We are truly experiencing a quantum shift in the way we get around.

The role of the internal combustion engine (ICE) has served us for over a century, as we have both worked and played. Fuel for the ICE has contributed to huge exploration and production efforts, both on land and at sea, as we searched for and produced from, new reserves. It wasn’t that long ago that many experts were predicting the world would reach “peak-oil” after which, the doomsayers were describing a fall in the world’s economic activity with the consequential lowering of our core standard of living. More recently, these concerns were overcome by us demonstrating our ability to extract hydrocarbons from the tight formations, using both horizontal drilling techniques and fracking technology, both of which are expected to result in the United States being a net energy exporter by 2022.

Against this background of the Western world enjoying a new energy security, we are witnessing the rise of the electric vehicle (EV). Not only is this revolutionising the transport industry, the battery technology which is being developed to support the EV is awakening the opportunity for battery technology to be used more broadly for energy storage. This will see both homes and industry sourcing their power needs off the grid.
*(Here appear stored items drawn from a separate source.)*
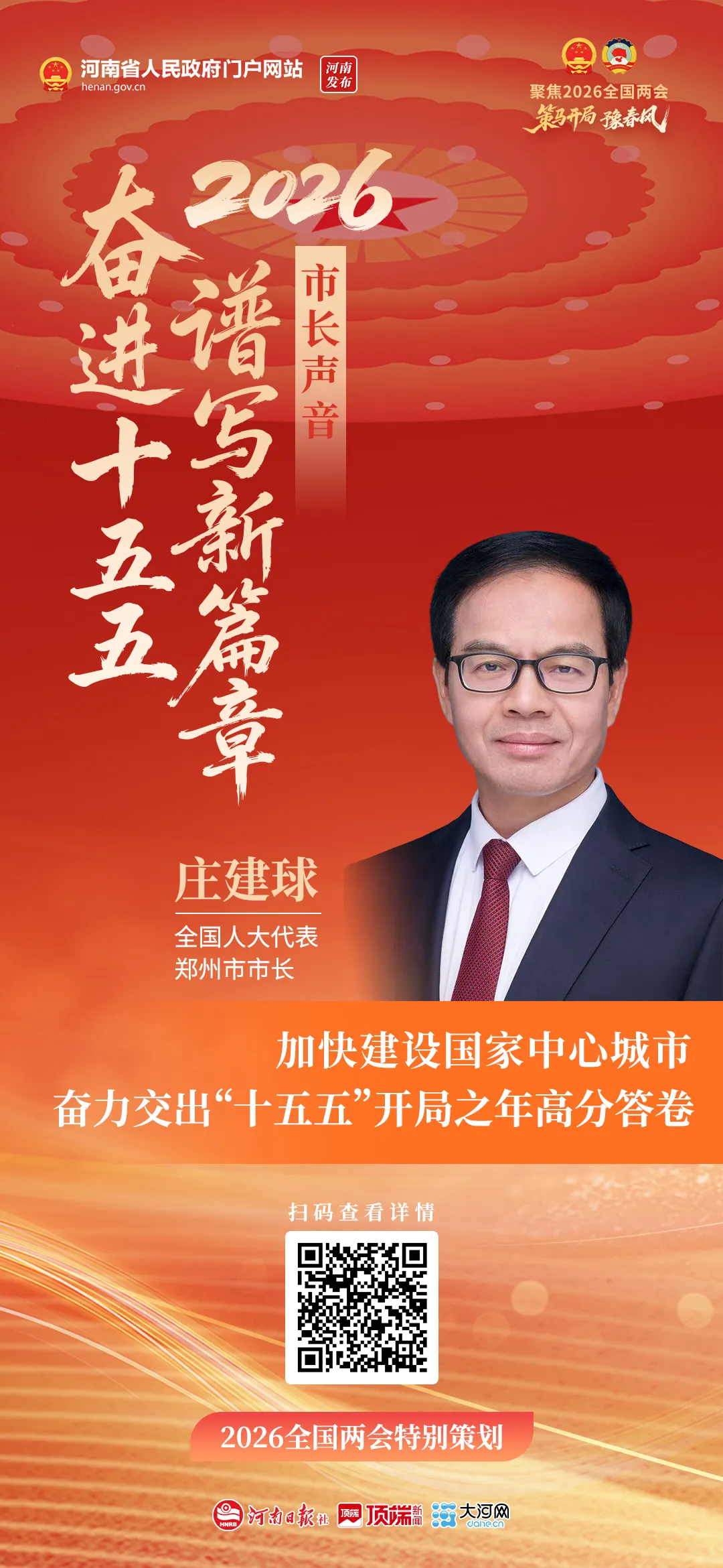 大河网联合河南政府网、各省辖市(示范区)政府网推出“2026市长声音”主题访谈活动。全国人大代表、郑州市市长庄建球接受采访时表示,郑州将加快建设国家中心城市,凝心聚力,真抓实干,奋力交出“十五五”开局之年高分答卷。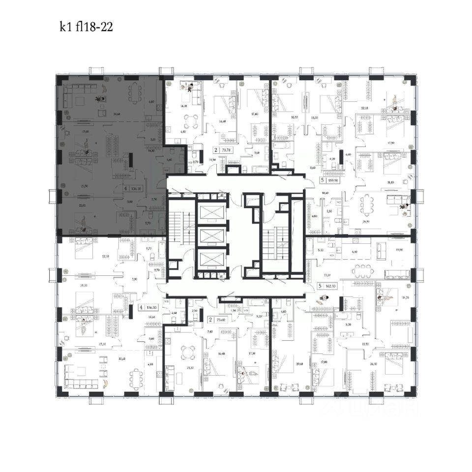 Общая площадь: 136.1 кв.м. Высота потолков от 3.15 м.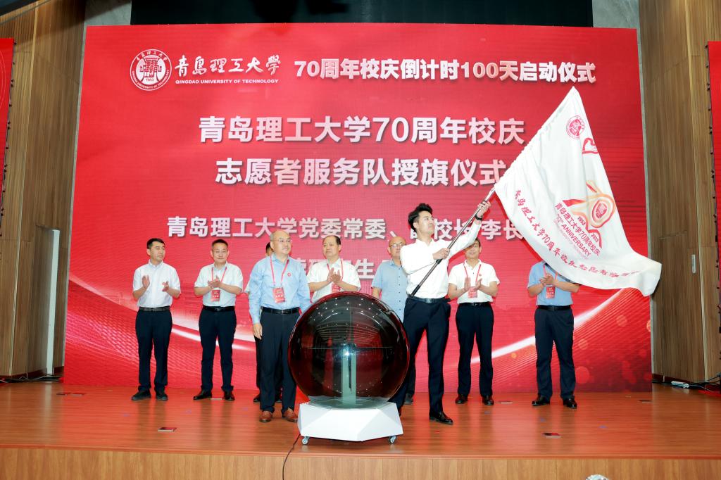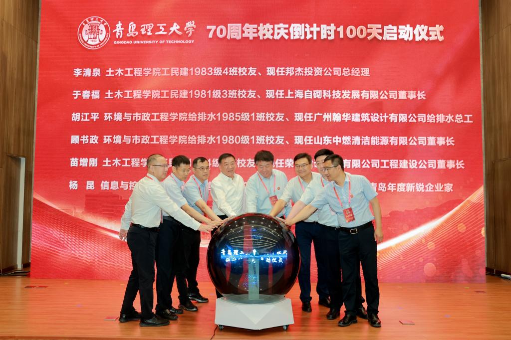 在来自全国各地校友会校友共同见证下,党委副书记李国华,青岛市邮政公司党委书记、总经理周军共同发布了70周年校庆倒计时100天纪念封;党委副书记杨兴昌,优秀毕业生代表王辛馨、费军洁、谢凯共同发布了70周年校庆标识;党委常委、纪委书记、监察专员尹东峰,优秀学生和学生干部代表曾凡斌、明玉珍共同发布了70周年校庆吉祥物;党委常委、副校长王在泉为“70年70站”校庆接力活动授旗,学校男子排球队队长吴坤臻接旗;党委常委、副校长李长河为70周年校庆志愿者服务队授旗,校庆志愿服务队负责人王柯涵接旗;副校长金祖权,获高水平科技成果教授代表赵正旭、贺可强、毕学军共同启动科技成果展示活动;老领导赵铁军,获优秀教学成果教师代表张冬梅、朱一荣、孙林娜共同启动教学成果展示活动;党委常委、组织部部长郭建锋,优秀科技创新指导教师代表李泉涛,科技创新获奖学生代表高腾、李峰、张艺婷共同启动了学生科技成果展示活动。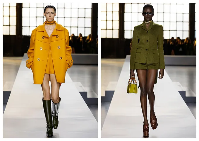 The warm tones of mustard and moss green were prominently featured, signalling a continuation of these autumnal shades into the Fall/Winter season. Jewellery in matching hues or complementary colours can elevate an outfit, offering a cohesive look. Amber, peridot, and malachite pieces, set in warm metals like gold and bronze, can mirror the richness of these colours, creating a harmonious blend with the season's palette.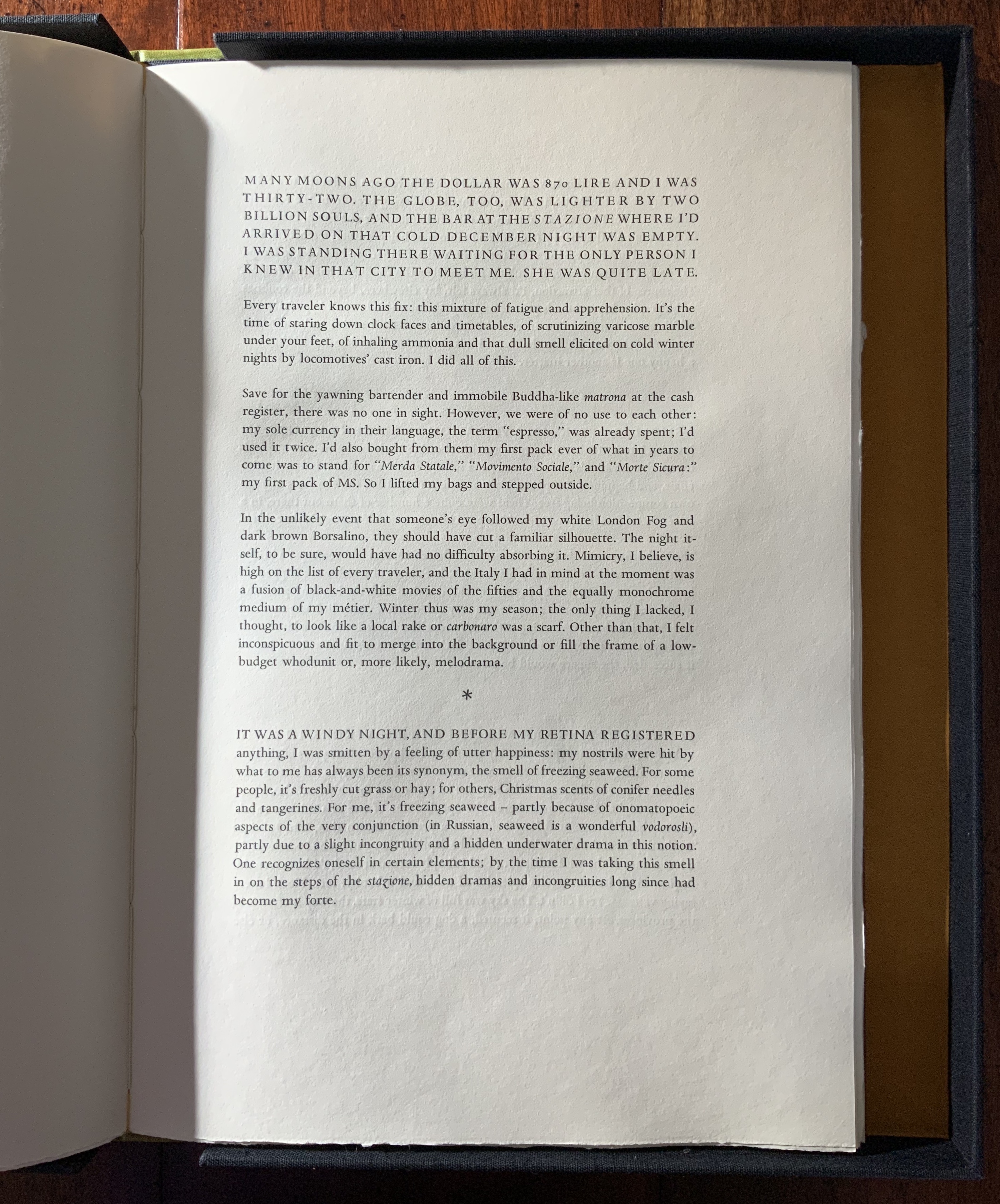 The text was set in Monotype Dante types cast in lead at the Olivieri Typefoundry in Milano. Once the printing at the Scuola Internazionale di Grafica Venezia was completed, the sheets were shipped to Koch’s studio in Berkeley where the book was bound in richly pigmented papers made by hand at Cave Papers in Minneapolis, MN.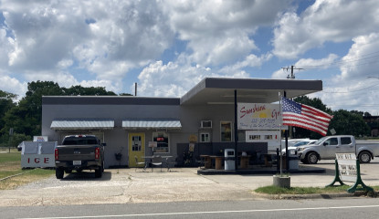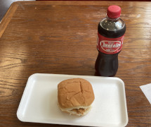 I knew that at some point on this trip my companion would drag me into one of those hole-in-the-wall places, and today that finally happened.  We went into this former gas station now known as the Sunshine Grill and he had a BBQ sandwich and a Cheerwine and an ice cream sandwich.  I chided him about the nutritional value of that meal, but he said it was good, quick, and cheap.  I decided to graze on the grass out back, especially when a construction crew came in to have their lunch.  Perfectly nice people according to my companion, but you might imagine what they were like after a hard morning's work on a 94 degree day.

When buying an EV, consumers need to be conscious of the impact charging the battery will have on the electricity demand in their household where charging an EV may double electricity demand. It is because of this that in parallel with the growing demand for EV’s, society will need to provide charging stations or individual households will need to take an integrated approach to their energy needs by installing solar or unit generating capacity and then storing the generated power in a domestic battery system. The simple fact is the existing distribution grid may not be able to service the extra load required to charge the expected EV take-up.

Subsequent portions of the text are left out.